Task
Whatever pictures appear, omit them, and repeat the data below exactly.

Collection entries

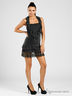 Оригинальное платье дизайнерского кроя подойдет для веселой вечеринки. Тонкая эластичная синтетическая ткань. Бретель через шею с многочисленными рюшами, с открытой спиной. В верх спинки продета поддерживающая резинка. Полочка дополнена оригинальной сборкой. Низ изделия декорирован многочисленными рюшами.
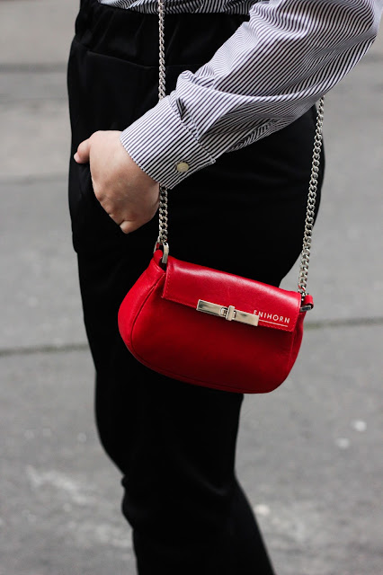 Nagyon kedvelem a fodros ruhadarabokat, de talán ez feltűnt már nektek, hiszen számos olyan bejegyzés készült, amelynél fodros felső vagy alsórészben vagyok. Ezt a kivitelezési megoldás egyszerre tartom bájosnak és elegánsnek, ezért részesítem előnyben. Az Open showroom nyílt napján találtam rá erre a csodaszép SARKOZY vékony-csíkos, fekete-fehér blúzra és egyből szerelem volt. Ami miatt leginkább tetszik, hogy a monokróm színei hétköznapivá teszik, ugyanakkor a különleges szabásának köszönhetően mégis kiemeli a hétköznapiságból. A hűvösebb időjárás következtében az AMNESIA bőrkabátomat vettem felé. Mivel az élénk színek és mozgalmas felsőrészek eleve figyelemfelkeltőek, így kevés ékszert vettem magamra: csupán egy ezüst kör alakú OOH MY DEER fülbevalót viseltem. Sminknél kiemelném, hogy a KELL A PÚDER - Some like it hot rúzsát, valamint a YAMUNA narancs-korall pirosítóját használtam.
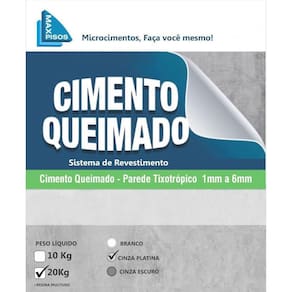 Cimento Queimado Parede Max Pisos Cinca Claro 20kg Cimento Queimado Parede Tixotrópico Maxpisos Cinza Claro 20kg produto em pó, ao adicionar água torna-se argamassa tixotrópica contendo cimento portland cargas minerais e aditivos. Fácil aplicação com simples rolo de pintura e alisar com desempenadeira de aço preferencia inox com cantos arredondados acabamento liso sem lixar alisado com desempenadeira efeito manchado do cimento industrial sem lixamento sem pó sem fissuras sem juntas ideal para aplicar em paredes, tetos, espelho de escada, banheiro, concreto, madeira, cerâmica, porcelanato, porcelanato líquido, epóxi. Uso interno e externo incluso 1000g Resina Multiúso acrílica acabamento fosco, acetinado e brilhante. Marca: Max Pisos
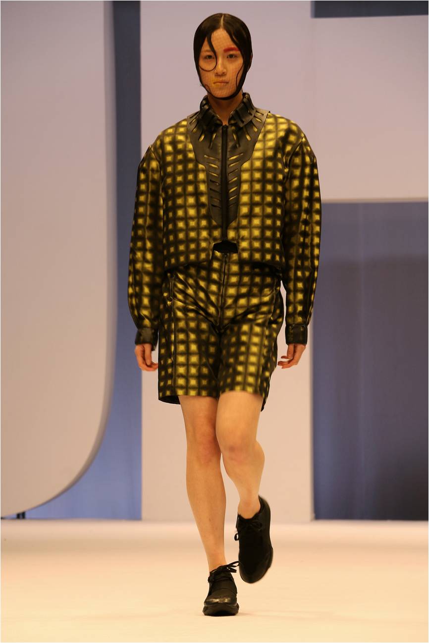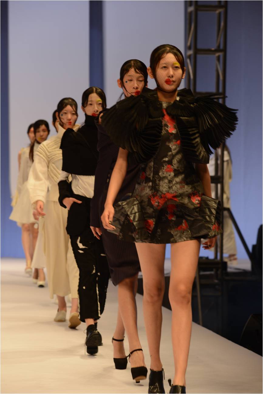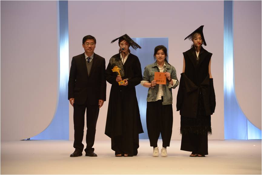 “2015雅莹东华杯”中日合作班毕业生作品秀紧随其后,一共展示了61套衣服。每件作品都是同学们三年国内学习,一年赴日学习的最终成果体现。当最后一件衣服随着灯光渐弱隐于后台,展演完毕。最激动人心的时刻到来了。评委们对学生作品进行了全方位的评审,评出铜奖三名、银奖两名、金奖一名。东华大学党委书记朱民教授,华之毅时尚集团总裁、浙江雅莹集团董事长张华明先生,浙江雅莹集团设计总监田玲女士,东华大学服装学院院长李俊教授,日本文化学园国际交流中心上海事务所所长、中日合作项目 日方代表林阳子分别为获得金、银、铜奖的学生们颁奖并合影留念。
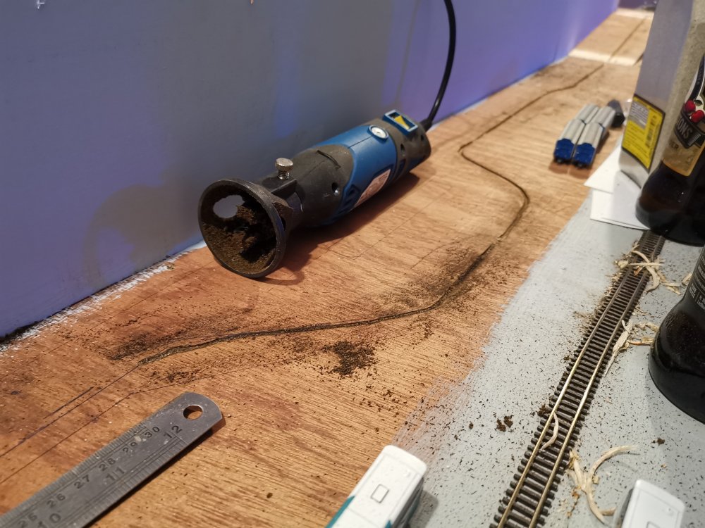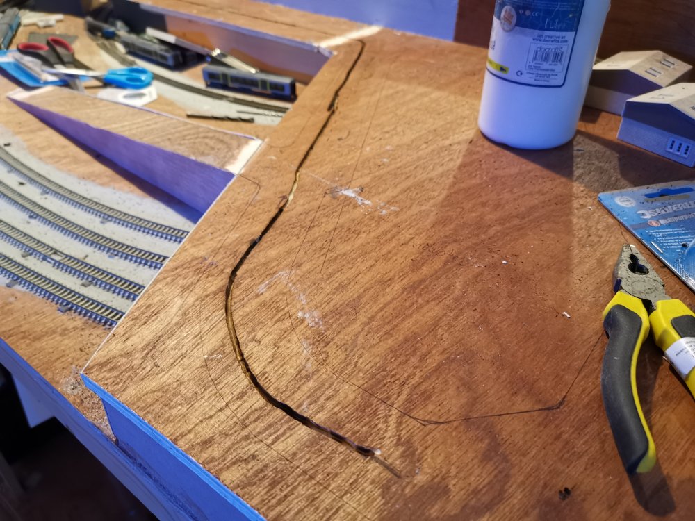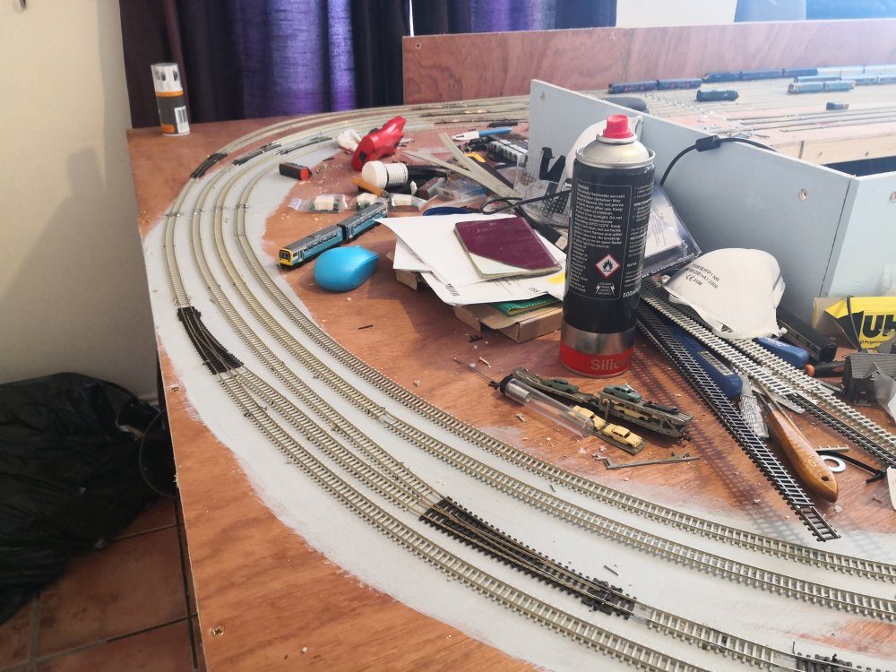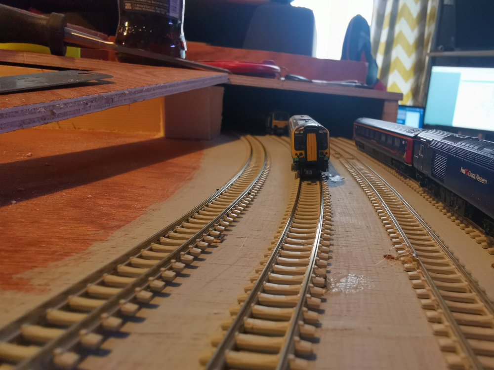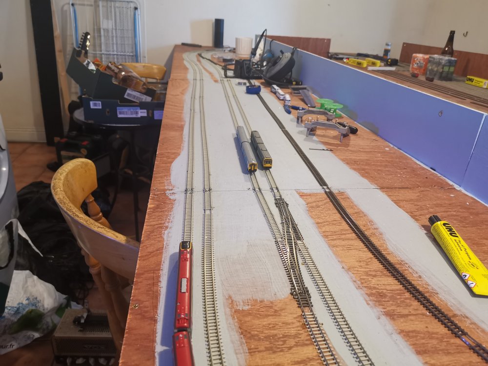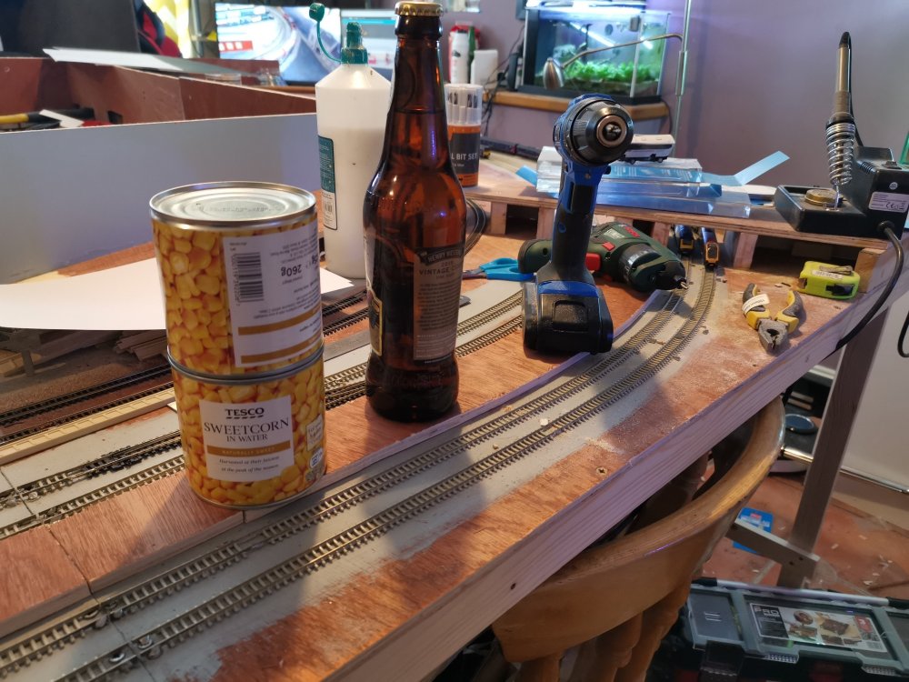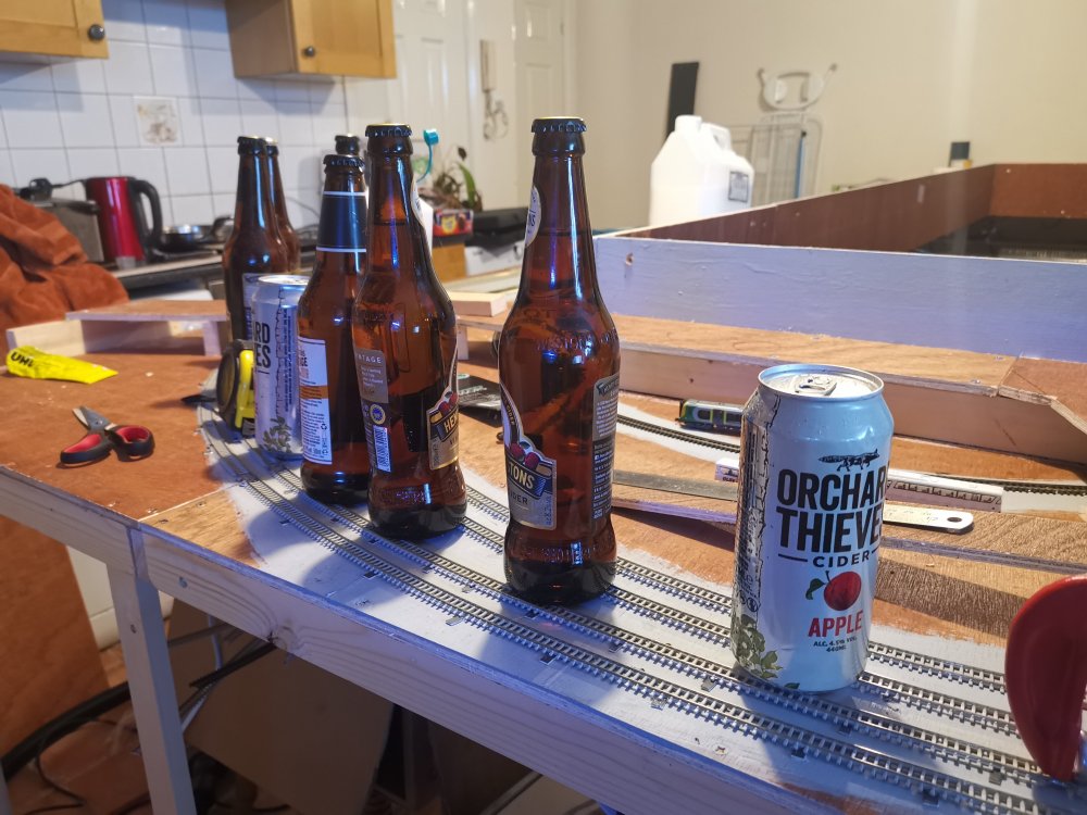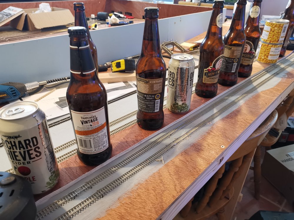 I've gone with some superelevation on the curves, cider bottles to hold track in place whilst glue sets!

Exercise output
 Оригинальное платье дизайнерского кроя подойдет для веселой вечеринки. Тонкая эластичная синтетическая ткань. Бретель через шею с многочисленными рюшами, с открытой спиной. В верх спинки продета поддерживающая резинка. Полочка дополнена оригинальной сборкой. Низ изделия декорирован многочисленными рюшами.
 Nagyon kedvelem a fodros ruhadarabokat, de talán ez feltűnt már nektek, hiszen számos olyan bejegyzés készült, amelynél fodros felső vagy alsórészben vagyok. Ezt a kivitelezési megoldás egyszerre tartom bájosnak és elegánsnek, ezért részesítem előnyben. Az Open showroom nyílt napján találtam rá erre a csodaszép SARKOZY vékony-csíkos, fekete-fehér blúzra és egyből szerelem volt. Ami miatt leginkább tetszik, hogy a monokróm színei hétköznapivá teszik, ugyanakkor a különleges szabásának köszönhetően mégis kiemeli a hétköznapiságból. A hűvösebb időjárás következtében az AMNESIA bőrkabátomat vettem felé. Mivel az élénk színek és mozgalmas felsőrészek eleve figyelemfelkeltőek, így kevés ékszert vettem magamra: csupán egy ezüst kör alakú OOH MY DEER fülbevalót viseltem. Sminknél kiemelném, hogy a KELL A PÚDER - Some like it hot rúzsát, valamint a YAMUNA narancs-korall pirosítóját használtam.
 Cimento Queimado Parede Max Pisos Cinca Claro 20kg Cimento Queimado Parede Tixotrópico Maxpisos Cinza Claro 20kg produto em pó, ao adicionar água torna-se argamassa tixotrópica contendo cimento portland cargas minerais e aditivos. Fácil aplicação com simples rolo de pintura e alisar com desempenadeira de aço preferencia inox com cantos arredondados acabamento liso sem lixar alisado com desempenadeira efeito manchado do cimento industrial sem lixamento sem pó sem fissuras sem juntas ideal para aplicar em paredes, tetos, espelho de escada, banheiro, concreto, madeira, cerâmica, porcelanato, porcelanato líquido, epóxi. Uso interno e externo incluso 1000g Resina Multiúso acrílica acabamento fosco, acetinado e brilhante. Marca: Max Pisos
 “2015雅莹东华杯”中日合作班毕业生作品秀紧随其后,一共展示了61套衣服。每件作品都是同学们三年国内学习,一年赴日学习的最终成果体现。当最后一件衣服随着灯光渐弱隐于后台,展演完毕。最激动人心的时刻到来了。评委们对学生作品进行了全方位的评审,评出铜奖三名、银奖两名、金奖一名。东华大学党委书记朱民教授,华之毅时尚集团总裁、浙江雅莹集团董事长张华明先生,浙江雅莹集团设计总监田玲女士,东华大学服装学院院长李俊教授,日本文化学园国际交流中心上海事务所所长、中日合作项目 日方代表林阳子分别为获得金、银、铜奖的学生们颁奖并合影留念。
 I've gone with some superelevation on the curves, cider bottles to hold track in place whilst glue sets!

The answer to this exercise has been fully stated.